For months I haven’t blogged. It wasn’t an intentional break. It wasn’t even a break. It was me quitting. Me consciously thinking to myself “No, I don’t want to blog this. I can’t be bothered to blog about this.” It felt a little bit like a break-up, when the person you’ve always wanted to turn to and tell everything to stops being that person and you just feel like you no longer have anything to say.
The reason I started blogging on accidentallykle and then The Pretty Walrus was to document life for my children. I wanted them to have something to look back on. To be able to read my thoughts and my mental letters to them. To know how much I love them, even when there are tough days. A little bit of immortality.
My blog was never meant to be a cash cow.

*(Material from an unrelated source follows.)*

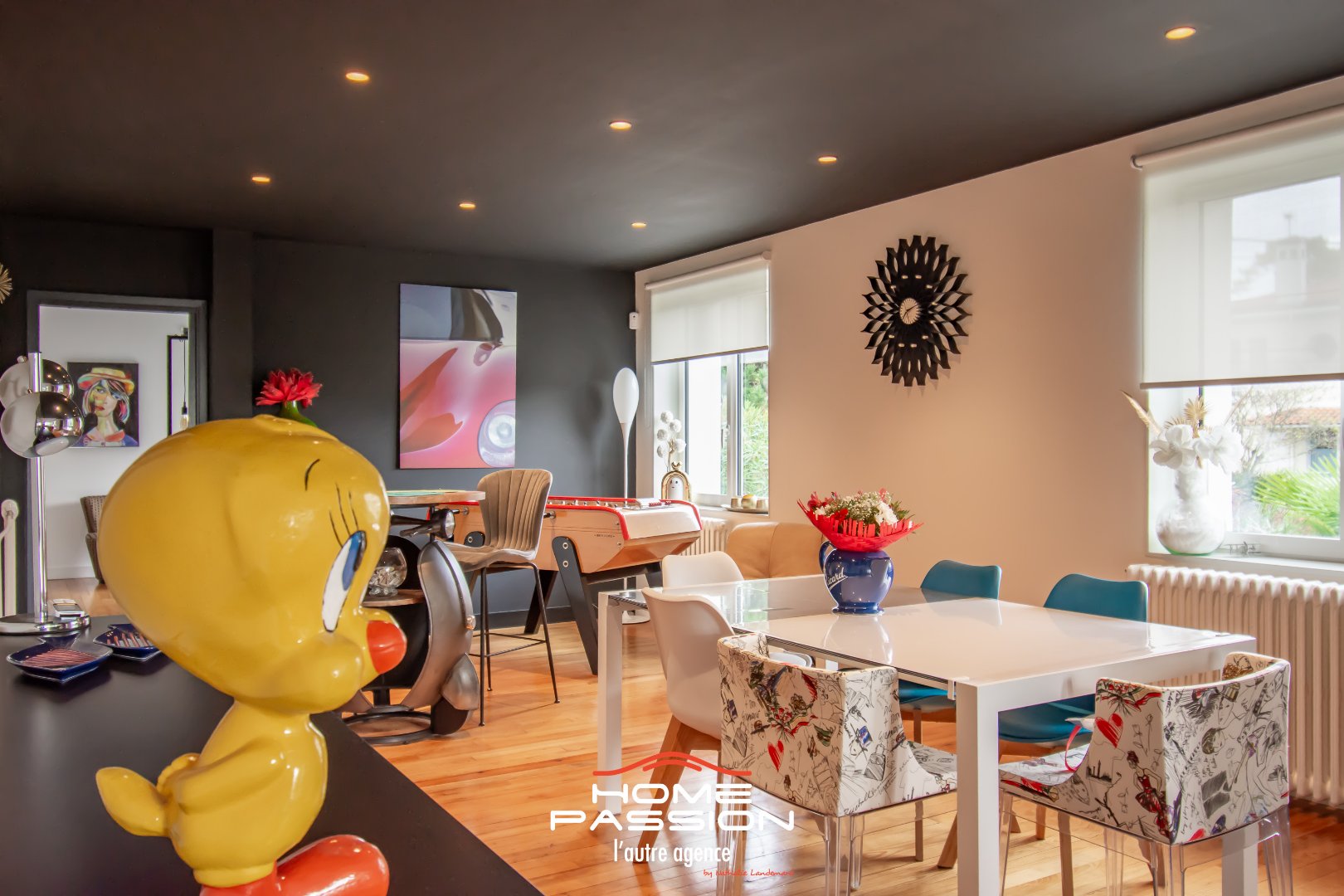ROYAN PARC - VILLA AVEC PISCINE ET JACUZZI AVEC APERCU MER - EXCLUSIVITE - Située en 2ème ligne dans le quartier prisé du Parc de ROYAN, Home Passion vous présente cette villa entièrement rénovée de 156m2 habitables sur 2 niveaux en typologie inversée sur un jardin joliment paysager de 420m2 avec piscine et jacuzzi. Le plateau principal accueille une superbe pièce de vie avec cheminée ouvrant sur une terrasse sans vis à vis avec aperçu mer, une cuisine ouverte entièrement aménagée et équipée, une suite propriétaire avec dressing et salle d'eau privative. Toilettes indépendantes. Le rez-de-chaussée comprend une entrée, un vestiaire/buanderie, une chaufferie, 3 chambres, une salle d'eau avec toilettes, une cave à vin et un grand garage de 37m2. L'ensemble est présentée dans un état exceptionnel à 120m de la plage de la Grande Conche et à 550m du Marché du Parc. Plus de photos, plus de détails sur le site de l'agence Home Passion. Dont honoraires 4.5% à la charge de l'acquéreur . DPE : en cours de réactualisation. Les informations sur les risques auxquels ce bien est exposé sont disponibles sur le site Géorisques : www.georisques.gouv.fr.

Who am I to write and tell others what to do and what to use and how to use them? Who am I to preach when I’m still figuring it all out myself?
And yet all around me, my friend’s simple little blogs became big, booming, Mommy Blogs. And they reviewed things and got sent all sorts of things for free. And I think I was intimidated. I never wanted that, and yet it made me feel inferior. Should I be doing that too? Is that what blogging is all about? Can a blog not be a good blog if it doesn’t have corporations pushing it along?
But I just couldn’t do it. I’d turn down email after email for reviews and sponsored posts. Most of them had nothing to do with my blog anyway.
My husband still insists I missed a good opportunity for some money along the way. I explain that that’s never what it was about. The business developer side to him doesn’t quite understand it, I know. But I was never a sales person. And even if I were, I’d be a ridiculously bad one because I’d be too honest about things I thought were awful.
So I removed myself from all that but then felt that I wasn’t qualified to be in this ever-growing blogging club. And slowly, I pushed myself out.
But I’ve missed it. I’ve missed having somewhere to type out my thoughts, and I’ve missed being able to keep track of our adventures. And I think to myself how much I love reading back through my posts of things Emily and I got up to when she was Adam’s age. So why can’t there be the same to look back on for Adam?
Facebook and Instagram can be very distracting because they easily make me feel that I’m keeping track of things when I’m actually losing memories to a cloud of moments and lunches and manicures. How do I single one event out when I want to?
I’m back. I don’t know if it will last. I don’t quite know what style this new blog will take (I do know I needed a new blog for a fresh start and even opted for a different platform so as not to get lazy and simply fall back into old habits, whatever they were), and I’m nervous if not a little bit scared to be back, but I’m here and I’m writing again. For now.